Saturday, July 5, 2008

Hands-on Assignment: Week 3

Videogame Demographics and Options at College Library:

Marlon Heimerl

College Library turned out to be the go-to source among Wendt Library and the Union South on this fine Saturday afternoon. The latter two must have been closed on account of the holiday weekend. Nonetheless and ergo, this hands-on assessment will recount a journey that took me to the farthest reaches of campus (ok, so it isn’t that far from my house to get to College Library), wherein I discovered much about the excess of games that make their home at the educational utopia that is College library (no, really, it’s alright though).
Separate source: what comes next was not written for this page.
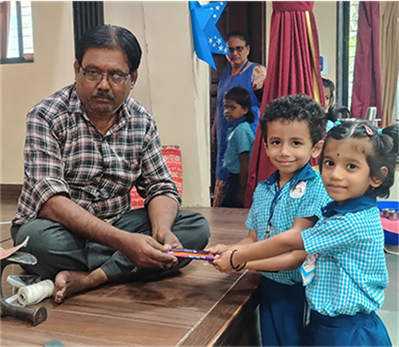 मुलांना समाजातील मदतनीस व्यक्तींचे महत्त्व समजावे म्हणून मोठ्या शिशुच्या मुलांसाठी शाळेत मोची काकांच्या भेटीचे आयोजन करण्यात आले होते.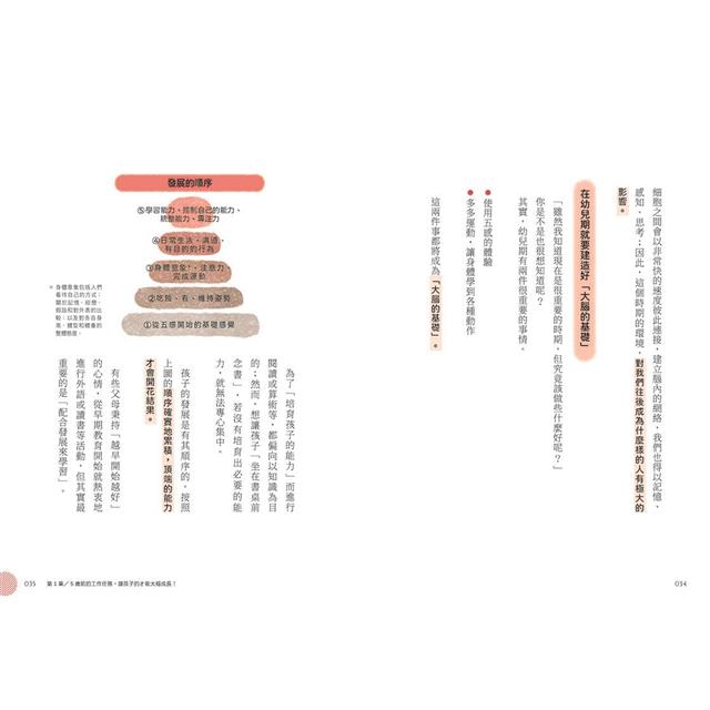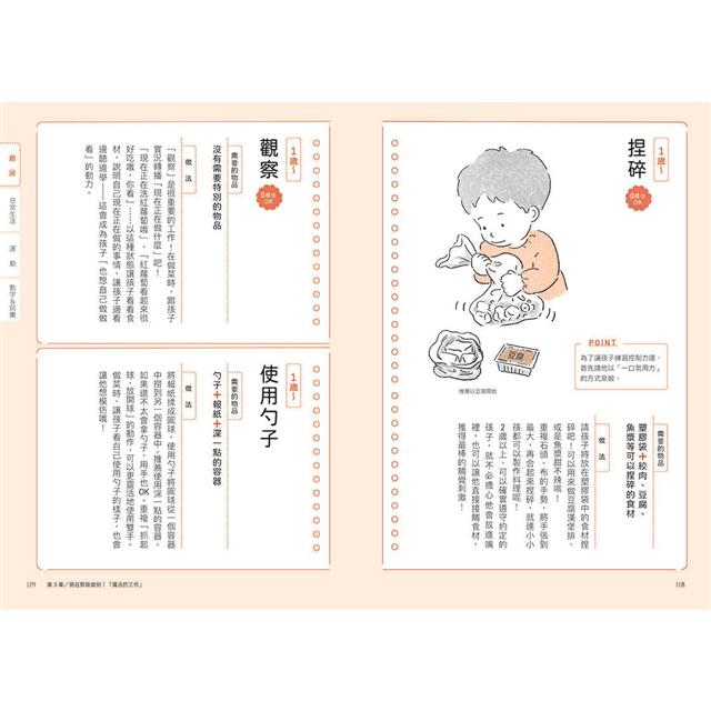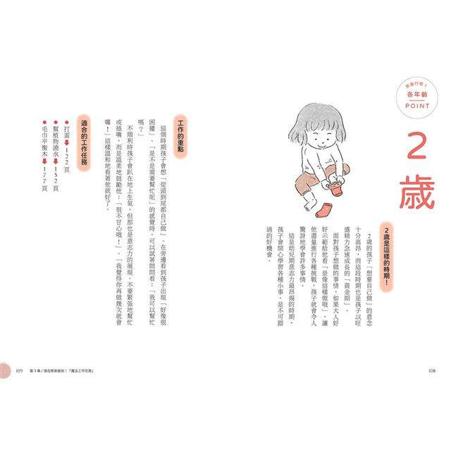 2.全書內容層次豐富,以溫馨可愛的插圖搭配詳細說明,可輕鬆理解蒙特梭利教育理念。

I have categorized the games based on a number of earmarked differences that look into whether the games are ‘sports’ related, ‘fantasy’ or ‘racing’ related, or whether they are what one could consider for ‘all ages’ (along with all other game rating’s according to the same criteria), or ‘war’ based games (or ‘first-person shooter’ games, including the genre of ‘survival horror’), all encompassed by the larger category of ‘violent games’ (that could, in all reality, be considered in the assessment of virtually every game category herein assessed, depending on ones definition of ‘violence’).
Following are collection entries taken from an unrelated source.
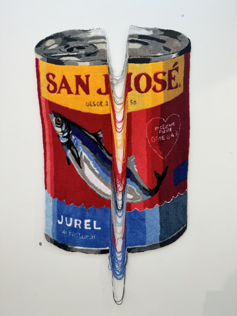 La muestra rescata el imaginario y la iconografía chilena a través de un trabajo textil que representa figuras como, por ejemplo, latas de jurel, ollas tradicionales o bolsas de supermercado, típicas de la cultura de nuestro país.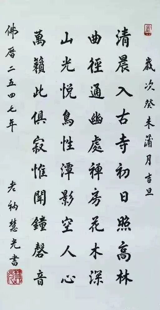 为什么人们会如此熟悉“慧光长老”这个名字呢?传净长老喜欢写书法,也雅擅书法。在他的书法作品中,常常以“慧光”二字作为落款。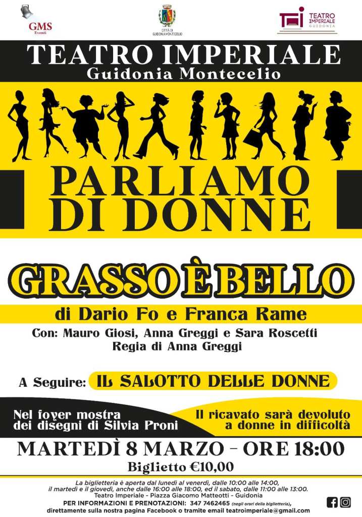 Un pomeriggio dedicato interamente alle donne sarà quello che si terrà in occasione dell’8 Marzo: Giornata Internazionale della Donna. Si inizia alle 18.00 al Teatro Imperiale con lo spettacolo “Grasso è bello” di Dario Fo e Franca Rame con la regia di Anna Greggi. Lo spettacolo avrà un costo di 10 euro che andrà a sostegno delle donne in difficoltà sul territorio di Guidonia Montecelio.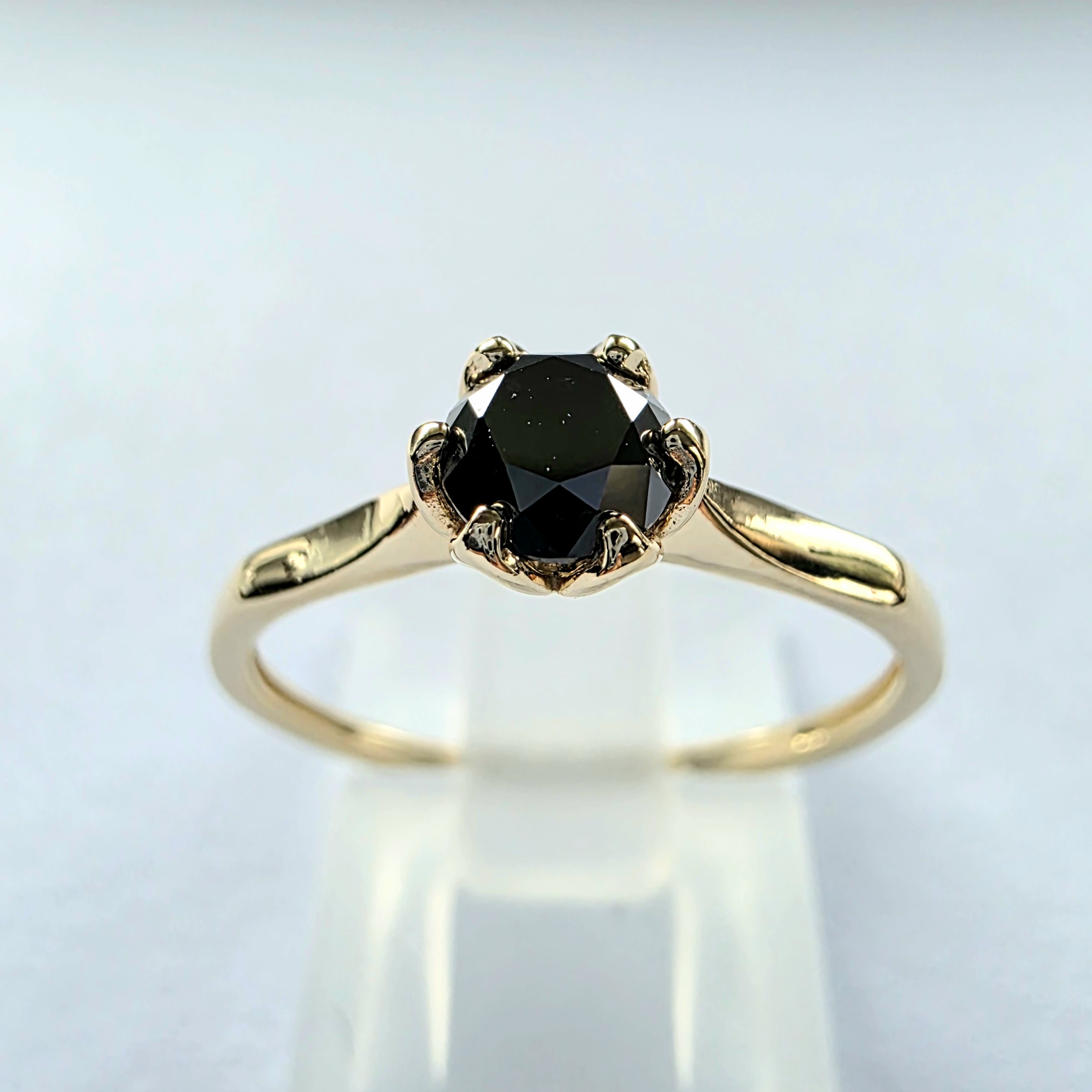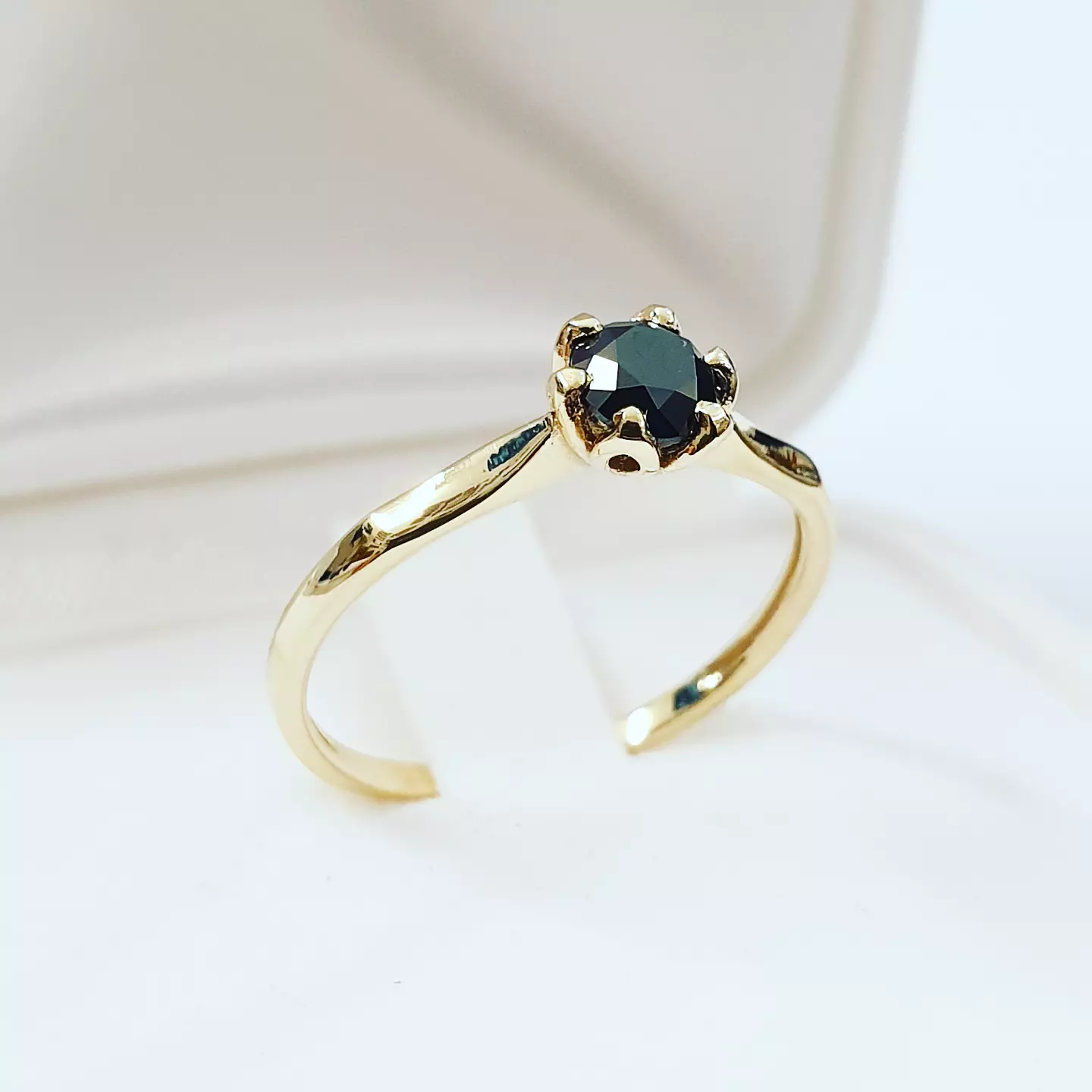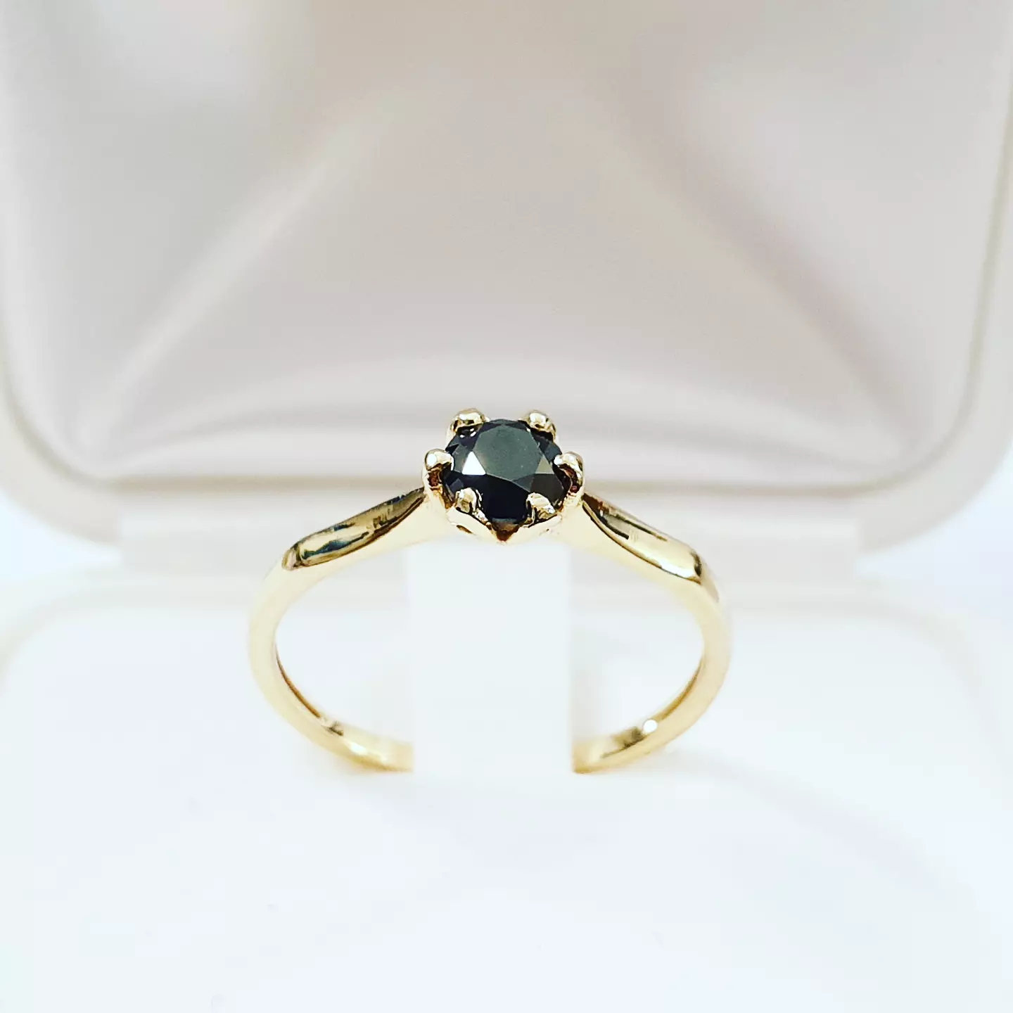 Delikatny i elegancki pierścionek zaręczynowy wykonany z żółtego złota próby 585 (14K). Jego centralnym elementem jest naturalny czarny diament o masie około 0,40 ct, osadzony w klasycznym brylantowym, okrągłym szlifie.

Sports Games offered by College Library:

NBA Live ’08 (PS3 & Xbox 360), College Hoops (NCAA) 2K8 (PS3), NCAA ’08 Football (Xbox 360), Major League Baseball 2K8 (Xbox 360), Wii Fit (Wii), Hotshots Golf (Wii), NHL ’08 (PS3 & Xbox 360), and PES 2008 (Xbox 360), Summer Sports Wii (Wii), provisional game titles: Smack Down vs. Raw 2008, Tony Hawk’s: Proving Grounds,’ and Pinball Hall of Fame (Wii)accepting that in terms of this assessment, professional wrestling and skateboarding will be called sports).

Total: (≈12 games)

*Note: Though Wii sometimes represents a challenge for categorizing its games along with other systems—due to its uniqueness of style, sometimes befuddled graphics and strange controls—Wii will still be considered on an equal field of assessment, especially because its range of games vary from family oriented titles such as Summer Sports Wii to grotesqueries such as Resident Evil, House of the Dead, and the Godfather; demonstrating a range of both violence and nonviolence like any other system considering its game options.
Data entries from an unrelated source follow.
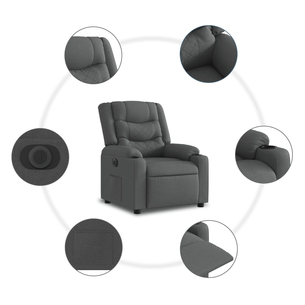 Descriere Fotoliu rabatabil electric, gri închis, material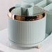 Efficiently store and access your cosmetics with the rotating organiser in duck egg color. this compact unit spins 360 degrees, featuring multiple compartments for easy organization of makeup, skincare products, brushes, and more. perfect for saving space on countertops while adding elegance to your vanity or dressing area.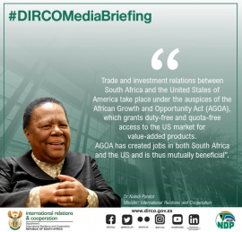 “The US is a major export market for South Africa, a significant source of foreign direct investment (FDI), technology transfer, development assistance and tourism.”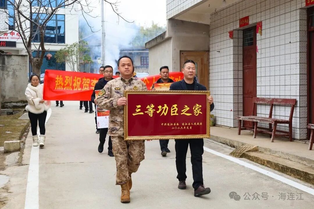 为进一步弘扬拥军优属优良传统,切实增强军人荣誉感和军属自豪感,2月2日上午,县退役军人事务局与相关乡镇工作人员组成“报喜团”,先后前往丹阳镇、蓼沿乡、潘渡镇,为李杰、黄星鸿、杨海粟、李宜芳4位立功军人家庭送去喜报,让军人军属在佳节前夕感受到来自党和政府的诚挚问候。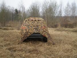 Маскировочная сеть. Размер 3 на 6 метров. Цвет - "поле". Этой сетью (площадь - 18 кв. м.) можно накрыть для маскировки автомобиль или оборудовать большой скрадок. Многие используют для декорирования заборов на даче, т.к. соседям через нее ничего не видно, а это, поверьте, новые ощущения. Цена - 2400 руб. .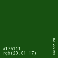 Цвет #175111 в цветовой модели RGB обозначается тремя октетами (23, 81, 17) в десятичном формате и #175111 в шестнадцатиричном (hex) формате, которые являются интенсивностью красного 23 (hex 17), интенсивность зелёного 81 (hex 51) и интенсивность синего 17 (hex 11).

Racing Games: are subcategorized because racing in certain contexts is for sport: Burnout Paradise (PS3), Motorstorm (PS3)

Total: (≈14 ‘sports games or two ‘racing games’)

Fantasy Games offered by College Library:

The Elder Scrolls IV: Oblivion (Xbox 360), Dark Sector (PS3), and Night’s: Journey of Dreams (Wii). [And a subcategory]

Adolescent/Youth Fantasy: Castle of Shikigami III (Wii), Folklore (PS3), Star Wars Lego (Wii), Pet 2 Dogs 2 [contestable] (Wii), Viva PiƱata (Xbox 360), Blue Dragon (Wii); Super Donkey Ball: Banana Blitz (Wii)

Total: (≈10 fantasy games)

War Games & Explicitly Violent Games offered by College Library:

Battalion Wars 2 (Wii), Virtua Fighter (Xbox 360), Condemned 2: Bloodshot (PS3 and Xbox 360), Evil May Cry (PS3) Deadrising (Xbox 360), Dynasty Warriors 6, (PS3), Mass Effect (Xbox 360), Marvel: Ultimate Alliance (Xbox 360), Prey (X box 360), House of the Dead 2 & 3 (Wii), and the Godfather: Blackhand edition (Wii):

Total: (11 war/violent games)

What’s interesting to notice is that each game category occupies roughly 1/3 of the overall makeup of College Library’s collection. The world’s being explored within these categories often represent (1) Sport’s world’s (which often entail underlying forms of violence) (2) Fantasy games (often dealing with war or violence on some level); and (3) War and explicitly violent games, which often contain an underlying premise of gore and horror).

Though in my 30-minutes at College Library, no other patron visited the game kiosk, it was clear to me that the primary audience meant to be reached is male college students with extra time on their hands and little cash in their pockets, as most of the games dealt with genres predominantly pertaining to masculinity—sports, war, gore and guns—stretching the breadth of boy culture and societal indicators of that culture, present here on campus today. This peace-sign amalgamation of games—each occupying roughly 1/3 of the selection) illustrates two things:

(1) What ‘rents’ on campus in terms of video game’s accessible via one of the university’s major library’s—assuming that the product matches the demand—are games dedicated to competition, expressing masculinity, and living out fantasies on either the field, court, or the 3D fantasy landscape, or

(2) These video games represent a concession by the public that exciting, fast paced, violent and competitive based sandbox, RPG, and non-educational games are wanted by college kids wracked by studies and just looking for a good time.